Наталья Мещанинова – без сомнения, герой этого года, если не сказать нашего времени. «Аритмия», послужившая для неё трамплином в мир хедлайнеров российского кино , не просто стала событием в пространстве нашего (обратимся к неискоренимым стереотипам) киношного безрыбья, она проложила дорогу надежде. На что?.. как минимум, на появление подобных фильмов в скорейшем будущем и продолжение громкой карьеры Мещаниновой. И то, и другое не заставило себя ждать. Второй подряд фильм Мещаниновой взял гран-при последнего Кинотавра.
Справедливости ради, говоря о «Сердце мира», стоит иметь в виду авторский тандем: Борис Хлебников (режиссер «Аритмии») выступил соавтором сценария. И его влияние на новую картину очевидно, отчего избежать сравнения трудно. «Аритмия» и «Сердце мира» связаны, как две части ещё не оконченной трилогии. Кто знает, возможно, какой-нибудь «сердечной трилогии»? Даже одно то, что сюжеты обеих картин косвенно обязаны российскому законодательству (законам о скорой помощи и контактной притравке) позволяет в них видеть единую природу творческого намерения. И «Аритмия», и «Сердце мира», хоть и не являются продуктами остросоциального искусства, тем не менее, исходят из так называемой «правды жизни», создавая эстетизм на почве презренных будней. Успех двух фильмов как будто свидетельствует о том, что кино о простых (маленьких?) людях и простых историях становится востребованным.

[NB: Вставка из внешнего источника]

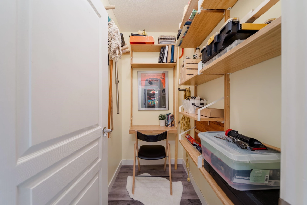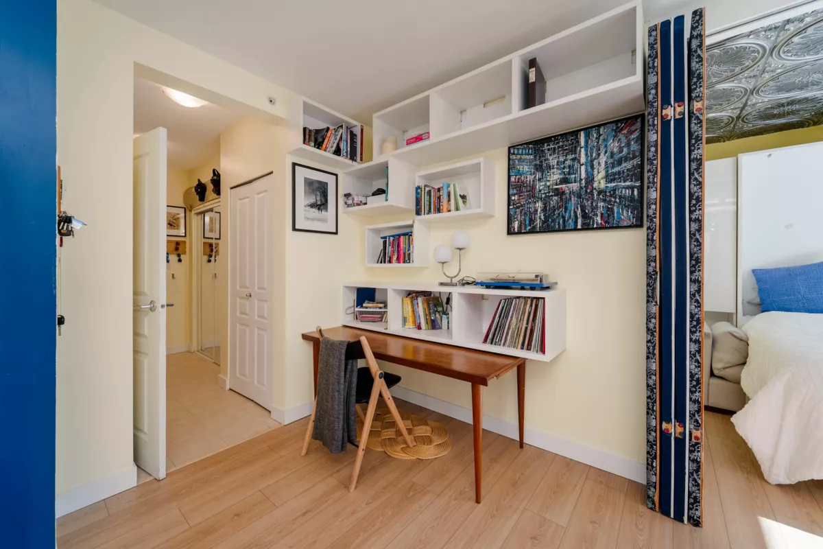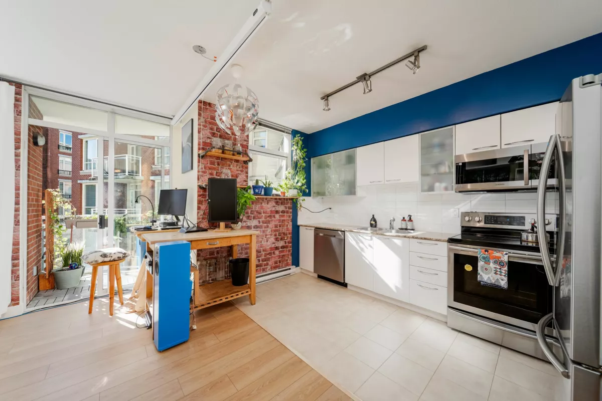 TRANQUIL Yet EVERYTHING AT YOUR DOOR! Groceries, transit, bright & modern junior one-bedroom condo w/flex room, positioned on the QUIET SIDE of the building overlooking the PEACEFUL COURTYARD. Designed for both comfort and function, this home features a smart floor plan with 9-foot ceilings, oversized windows, and elegant Winter Oak laminate flooring. The sleek kitchen boasts granite countertops, stainless steel appliances, and eat in space. Other features include a versatile flex room, IN-SUITE LAUNDRY and BALCONY. 1 PARKING underground, 1 STORAGE LOCKER. gym. Located in a vibrant & walkable neighborhood just steps to transit, Trout Lake, library, groceries, great mix of cafes. Murphy bed can be removed. High style, low maintenance, ready to move in! *OPEN HOUSE: Sat, Jan 31, 12 to 1:30.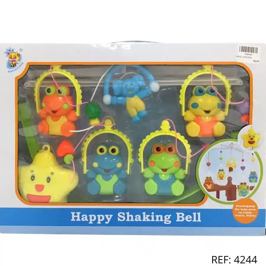 Móvil musical de cuna con figuras colgantes y campana giratoria. Estimula sentidos y relaja al bebé.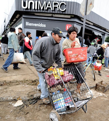 Saqueo d'un magasin Val Mart au Chili après le tremblement de terre, mars 2010, ou quand "nécessité fait loi"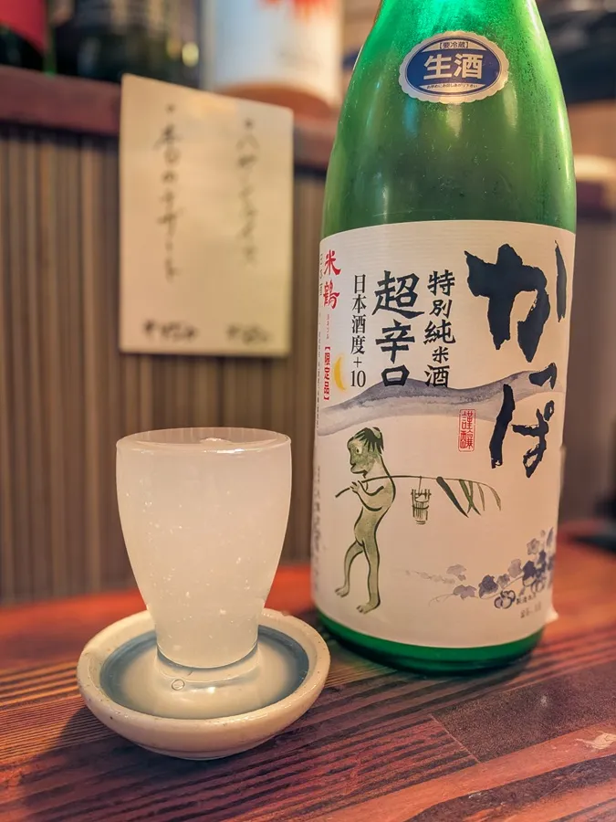 煮付けの上品な甘さに対抗するのは、やっぱりにごり酒ですかね! カッパのイラストが印象的な山形県『米鶴 かっぱ 特別純米 超辛口』を!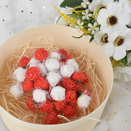 Mini Artificial Rose Heads 288pcs PE Tiny Roses for DIY Crafts, Wedding Brooch, Gift Box (Red+White)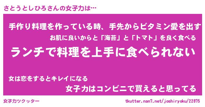 | ヘコむあだ名 | 『さとにゅー』『豆乳』『さと太郎』 |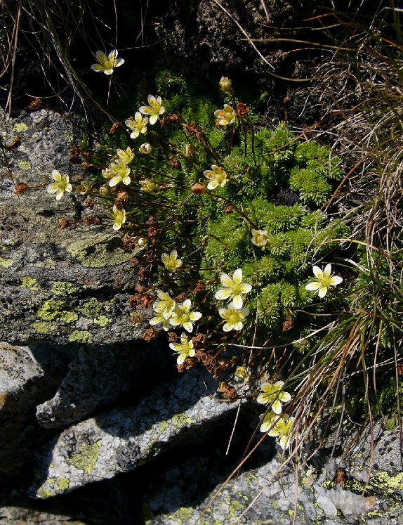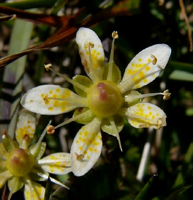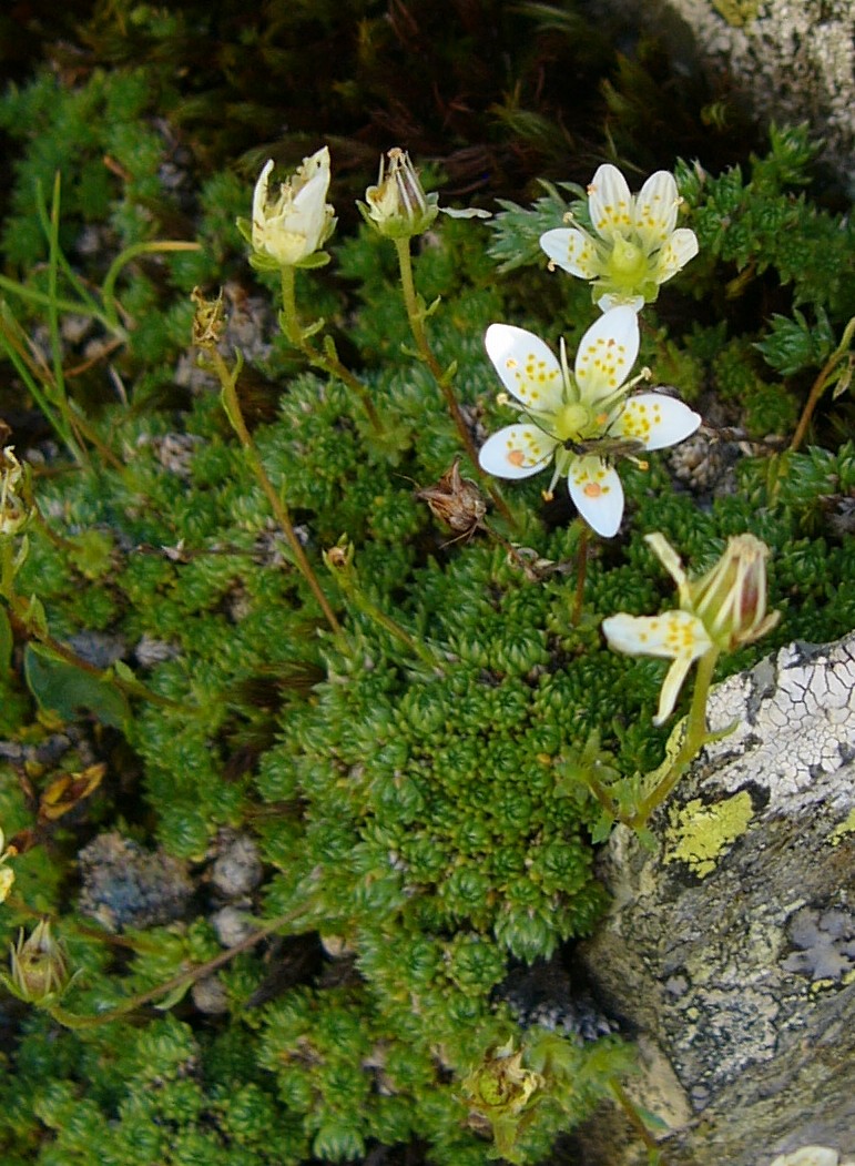 Steinbrech - Blüten weiß, mit gelben Punkten, Blätter linealisch, weich, nicht kalkausscheidend

Решив трансформировать врача скорой помощи в ветеринара, авторы явно намеревались развить тему человека, стоящего на страже самой жизни. Протагонист «Сердца мира» – снова странноватый врачеватель, лечащий в силу подкожного чувства долга, за которое он держится как за единственный смысл своей жизни, но при этом с трудом вписывающийся в социум. Но, если в «Аритмии» в сюжетном фокусе находились отношения героя с женой (что делало историю во многом камерной), то в «Сердце мира», иная природа героя становится самостоятельной нравственной темой. Наталья Мещанинова исследует феномен человека-зверя.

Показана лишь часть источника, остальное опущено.